Productivity gains Penske Logistics expects from
its deployment of a new AI platform from Augment.
Penske estimates these gains as the system can
eliminate routine, manual processes and streamline
follow-up workflows with carrier dispatchers.


80% Estimated Stockout Reduction

An image of a red bell pepper.By fresh food supply chain tech company Afresh, which uses AI to help grocers simplify operations, cut waste, and serve shoppers better. Its AI engine provides one single source of truth to support smarter decisions across stores. Albertsons Companies, Brookshire Grocery Company, Bashas’, Cub Foods, Smart & Final, and Meijer are among its customers.

Its latest platform expansion Fresh Buying leverages AI to digitize and optimize a challenging job in grocery supply chains: buying perishables for distribution. It helps produce, meat, deli, and bakery buyers manage perishables at scale, letting them react quickly and ensure they ship the freshest products to stores.


Walmart Transforms the Retail Supply Chain With AI and Ambient Internet-of-Things

Walmart is combining its AI systems with Wiliot’s ambient IoT technology.
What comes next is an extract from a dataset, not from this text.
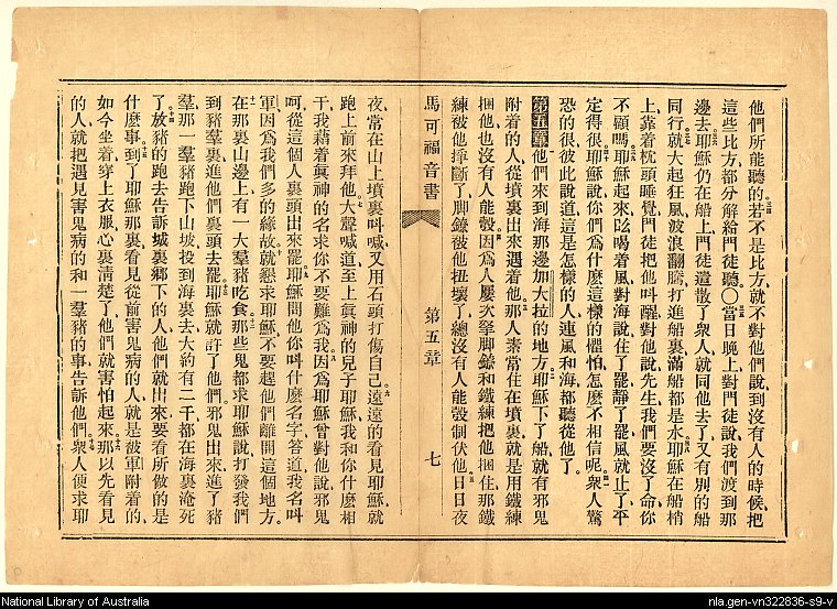 1867年新約馬可福音 馬可福音 4 章 34 節到 5 章 17 節

Walmart is combining its AI systems with Wiliot’s ambient IoT technology to enhance supply chain efficiency, inventory accuracy, and cold chain compliance. The retailer is using Wiliot’s IoT Pixels to track its pallets, with a goal of reaching 90 million by the end of 2026. This initiative is one of the largest ambient IoT deployments to date, providing a new source of supply chain data for Walmart’s expanding use of AI.
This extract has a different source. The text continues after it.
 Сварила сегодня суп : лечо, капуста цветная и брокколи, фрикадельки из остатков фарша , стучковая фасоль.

The collaborative solution is currently deployed across 500 Walmart locations, with plans for national expansion in 2026. The rollout covers 4,600 Walmart Supercenters, Neighborhood Markets, and more than 40 distribution centers, generating high-resolution supply chain data that feeds into Walmart’s AI systems.


AI-Powered Machine Vision Accelerates Supply Chain Quality Checks

By Thomas Edwards, Director of Sales Engineering/Quality and Art Van Der Stuyf, Director of Supply Chain Strategy, iGPS Logistics

In an environment increasingly constrained by tighter margins and higher efficiency demands, AI-powered machine vision can turn your quality assurance program from a potential weak link into one of your most critical strategic strengths. These systems combine high-resolution electronic “eyes” with complex neural networks that excel at identifying patterns and processing immense volumes of data. While they don’t replace all human decision-making, they are incredibly good at spotting tiny yet fundamental issues that could otherwise be overlooked.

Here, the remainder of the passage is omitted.